Thanks for the video! Was hoping there would be a home version of the snake. If you figure 5% of 400k would be willing to pay $2500 for the Snake, that would mean 20000 potential sales that would be $50 million in sales!

If there are any VC folks out there, let's talk!


----------



## Van Shrider (Apr 3, 2016)

Pinewold said:


> How much will the charging Snake cost?
> How far will the charging Snake reach?
> When will the charing Snake be released?


I'm thinking about the Induction Charging that might be fully perfected by the time we get our cars.





Depends on the efficiency. And if having the receiver equipment would void the warranty or not.


----------



## Pinewold (Apr 4, 2016)

True but not half as fun! 

To me, you need to get better than 95% to make induction charging not be wasteful. Have seen 90% so they are getting closer. Hopefully they will also come up with an world wide induction charging standard. Not sure a standard will happen in the next two years. 

Agree that driving into the garage and having the car magically charge will be great, just want some hope of having it work everywhere.


----------



## garsh (Apr 4, 2016)

I don't see induction charging being popular. It costs more and takes longer because of the inefficiencies involved.

I could see it being useful for certain use cases, such as summoning a car from across the country, where it needs to charge itself along an autonomous journey. It would probably be easier to have the car recharge itself inductively than to perfect the charging snake. But to be efficient, the induction coils on the car & at the charging station have to be very close. The tolerances might still be too tight to be practical.


----------



## Andreas Stephens (Apr 4, 2016)

Van Shrider said:


> I'm thinking about the Induction Charging that might be fully perfected by the time we get our cars.


This is AMAZING! I love the idea - much neater than the "snake"!

I think these kind of concepts ought not be dismissed due to current technological limitations. If we think that we can send people to Mars, surely we can make something like this work!?!


----------



## TrevP (Oct 20, 2015)

I'm not convinced that inductive charging would be that useful with a Tesla. The efficiency might be improving but the rate of charge cannot be anywhere as high as a direct connection to the charging system and let's not forget Tesla's have massive batteries so the time it would take to charge it…

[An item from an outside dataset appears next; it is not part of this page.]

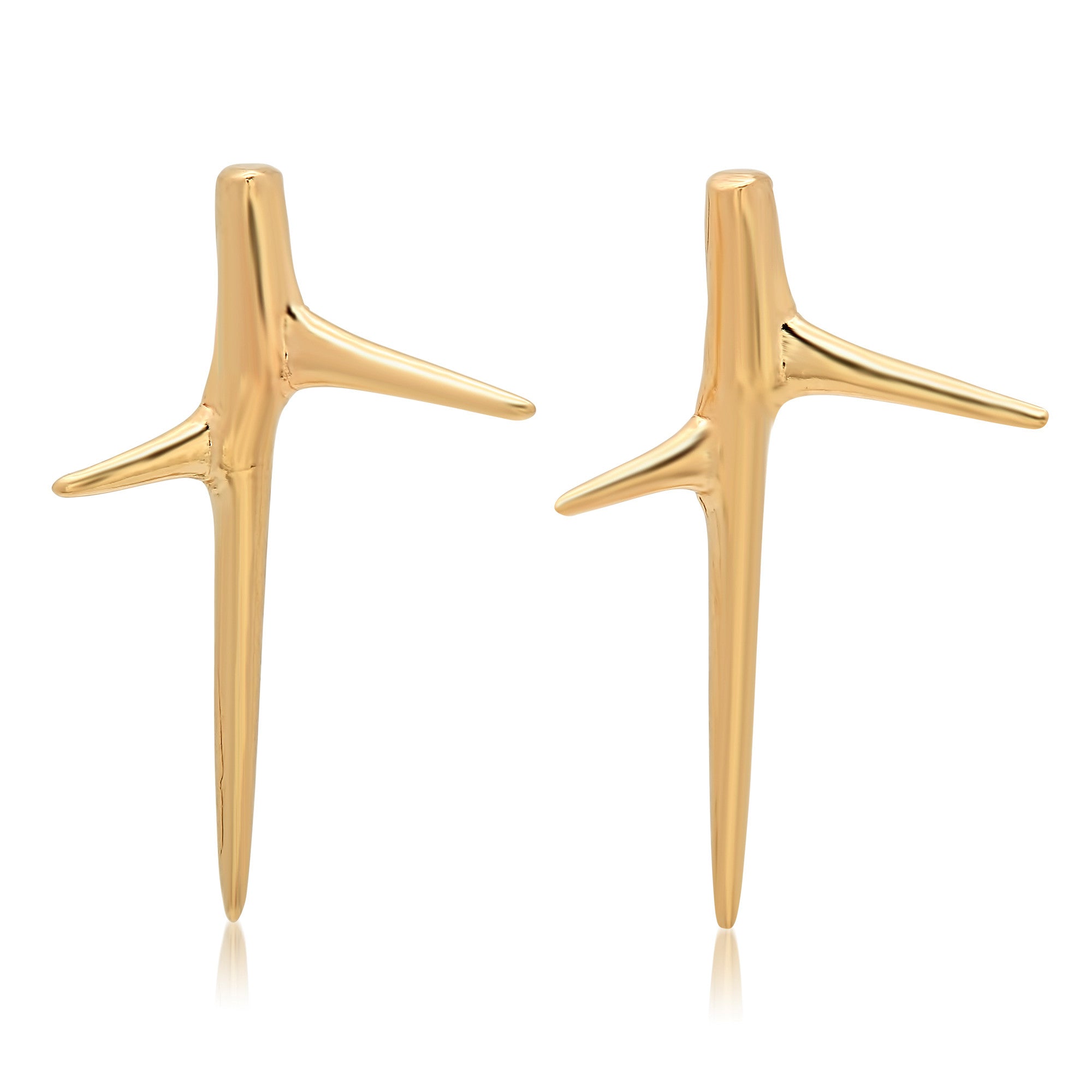 Thorns represent strength and protection. Handmade in Los Angeles, this solid gold German tree thorn pendant is available with and without diamonds. Sold as a pair. Pair perfectly with the Thorn Necklace or Horizontal Thorn Necklace. Stud: 1 inch Length.

Can you imagine the magnetic field being induced by one of those things say at 10Kwh or 20Kwh in my garage?? I don't want an MRI scan each time I walk in to get my bike 

Might be OK for cars with smallish batteries like a LEAF or a Volt.


----------



## Pinewold (Apr 4, 2016)

Time solves all problems, if they can figure out how to make a 200kW induction charger, Tesla supercharging may not be far off.


----------



## garsh (Apr 4, 2016)

Andreas Stephens said:


> I think these kind of concepts ought not be dismissed due to current technological limitations.


It's been a while since I got my electrical engineering degree, but there are real, physical (as in... physics!) limitations to the efficiency of inductive charging.

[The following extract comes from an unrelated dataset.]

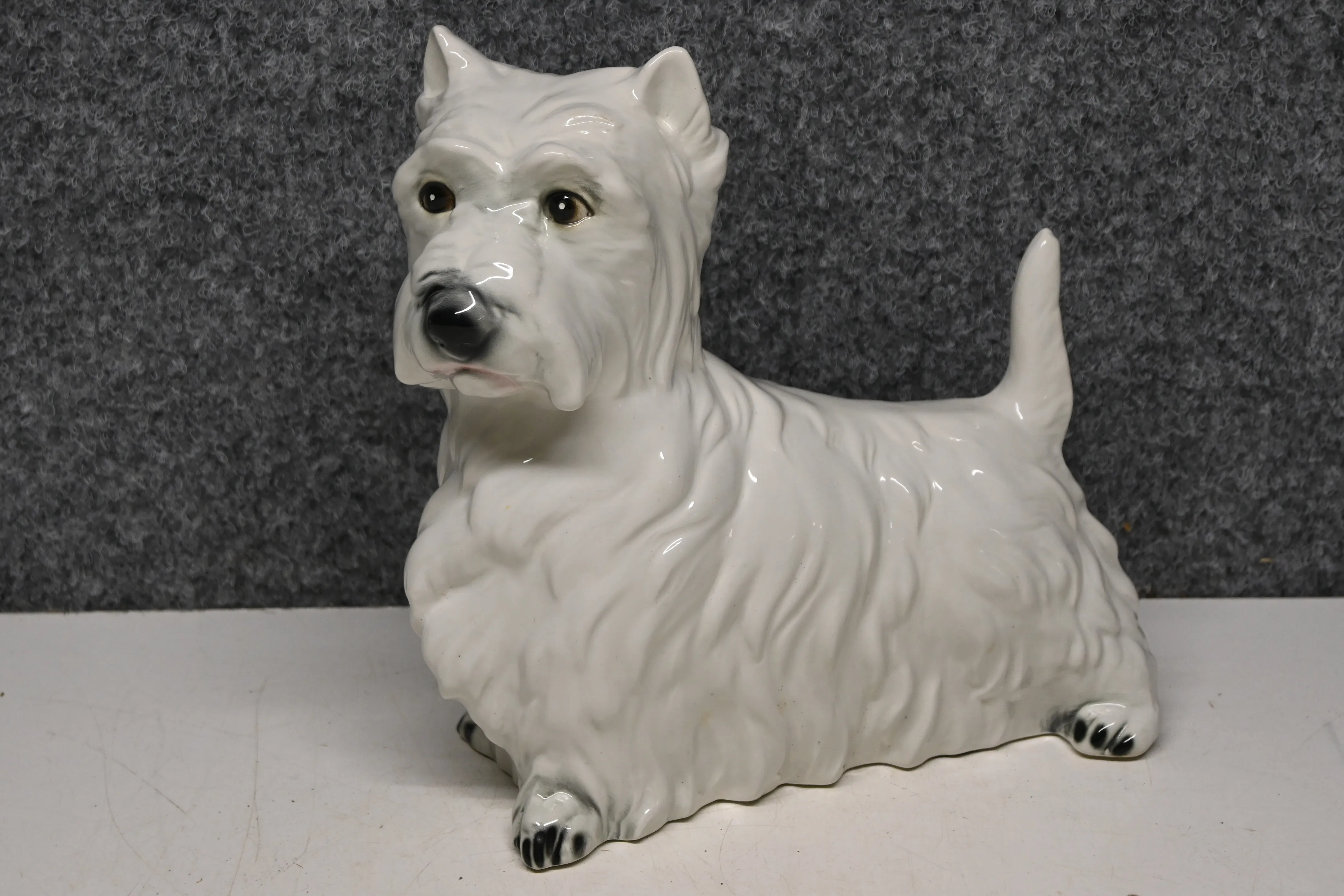 115. Figurin, Hund i porslin L.25cm H.26cm
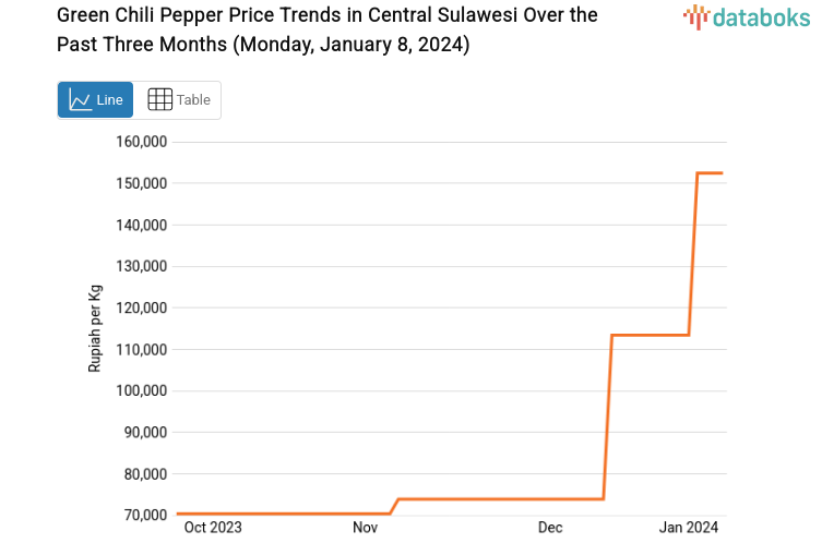 Green chili prices in Central Sulawesi rose 34.38% this week.

We've been doing this sort of inductive coupling for almost 200 years. It's called a transformer. The best efficiency is gained by having the two loops in close proximity and both wrapped around a piece of steel. The best transformers (in the power distribution network) are 98-99% efficient. But we're not going to have a shared steel core between a car and an inductive charger, so it will be less efficient. And we're not going to be able to get the car & charger loops too close together, so it will be less efficient.

Also, do you remember the old wall wart AC adapters? They used to be heavy because they contained small transformers with chunks of steel in them. They're much smaller & lighter nowadays. This is because switching electronics have become more efficient than transformers at this sort of job.


----------



## Badback (Apr 7, 2016)

What will the inductive receiver do to road clearance? Is it going to stick out a lot? It has been 50+ years since I got my engineering degree, but I know that the losses eventually wind up as heat. 10% losses are going to make your garage a very hot place, this is not good for the batteries, or for your garage.

What is the point of trying to save energy if you are going to throw 10% of it away?


----------



## thecatdad (Apr 8, 2016)

There are losses in any given system. 10% is not bad, given 100% efficiency is impossible. The conversion of [electrical] power into mechanical work brings with it intrinsic efficiency losses: heat, sound, light, etc. So when you hear your dishwasher run, you don't think about the lost efficiency, but some work that could be done on the dishes is actually being lost by being converted to sound. Similarly, the refrig cycle has plenty of losses, mostly sound and heat. Furnace, water heater, well pump, LED lights...they all exhibit losses. Even the solar panels so prized by many in the Tesla community are only so efficient.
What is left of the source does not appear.